Friday, 11 September 2009

The Koffi Lounge

After many years, and gajillions over budget the former civic theatre in Barno has reopened. And it has a poncy coffee shop "The Koffi lounge", that advertises on the local radio. Their advert offers "Barista trained staff", and "Coffee like you've never tasted before".

Hang on a minute... I can just about get my head around the concept of a job title for a bloke who makes coffee, but, barista trained? So not the real deal, just trained...

~wobbly lines as we go to the training session~

Hi, I'm Steve and I'll be your Barista trainer for the day... Watch closely pupils...

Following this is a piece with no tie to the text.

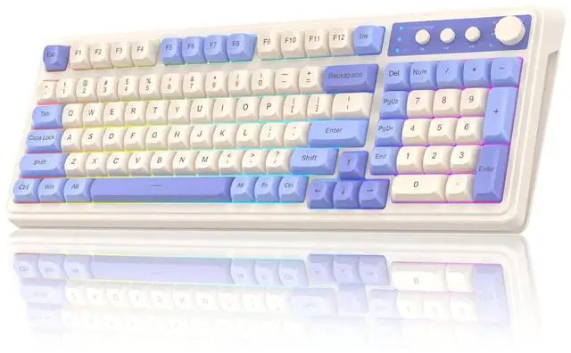 - Full Key Programmable: This custom keyboard supports full-key macro programming to create exclusive shortcut operations, helping you trigger complex commands with a single click and be a step ahead in the game. The unique dual-mode knob design of the purple keyboard wireless allows you to quickly switch between gaming and office modes. In addition, with 3 programmable shortcut keys (M1/M2/M3), the usb keyboard lets you easily set up personalized functions to improve operational efficiency

This is a kettle. And this is a jar of nescafe. Throw some nescafe in the paper cup, and add hot water from the kettle (does anyone need showing how to use the kettle?)

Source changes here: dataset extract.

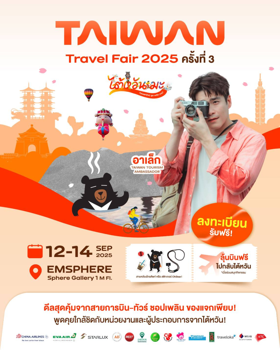 สำนักงานการท่องเที่ยวไต้หวัน ประจำกรุงเทพฯ (Taiwan Tourism Administration, Bangkok Office) เตรียมจัดงาน “Taiwan Travel Fair 2025” งานมหกรรมส่งเสริมการท่องเที่ยวไต้หวันครั้งยิ่งใหญ่ประจำปี 2568 (ครั้งที่ 3) ระหว่างวันที่ 12-14 กันยายน 2568 เวลา 10:00 – 20:00 น. ณ Sphere Gallery 1 ชั้น M ศูนย์การค้า EMSPHERE ภายใต้ธีม “ไต้หวันมะ Taiwan(na) Go With Me?” เชิญชวนคนไทยออกไปสำรวจมุมมองใหม่และสถานที่ UNSEEN ของไต้หวัน ให้การเดินทางเป็นมากกว่าการท่องเที่ยว แต่เป็นโอกาสในการค้นพบตัวเองและสร้างความทรงจำไม่รู้ลืม

Then say "twoquidmilknsugaroverthereifyouwantemloveenjoyyourmeal."

Thank you class, you've all graduated with honours.

As to "Coffee like you've never tasted it before".. well that's not hard is it? Believe me, you've never tasted coffee like I make it either. Well, nobodies ever lived long enough asked for a second cup.

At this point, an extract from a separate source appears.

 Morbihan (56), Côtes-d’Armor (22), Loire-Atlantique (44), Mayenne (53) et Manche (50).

Sod it, I'll give you my secret coffee recipe.
  1. First you need to select the right coffee... it be called "rocket fuel", it's the one in the jar amusingly shaped like a bomb.

  2. Bang plenty in the cup, and then add an extra teaspoon for every hour of sleep you've missed.

  3. Following the Dave Lister mantra of "triple caffeinated, quadruple sugared" you now need at least 3 teaspoons of sugar. I have caught some people making my coffee with lots of artificial sweeteners, which of course is full of wrong.

  4. Splash of semi skimmed milk for the healthiness factor. (Works like extra large whopper meal with diet coke).

  5. Drink. Wait for the buzz / death.

2 comments:

Amanda Huggenkiss said...

Don't they have baristas in court?

p.s. Work and coffee are a bit tricky for me - I need enough to get me wired, but not enough that I will use the wire to kill during meetings.

C'riz said...

Idea for Squeakypony, Take a crayon into meetings. Then when you go on a stabbing coffee enduced kill frenzy you won't do as much damage to the nice people.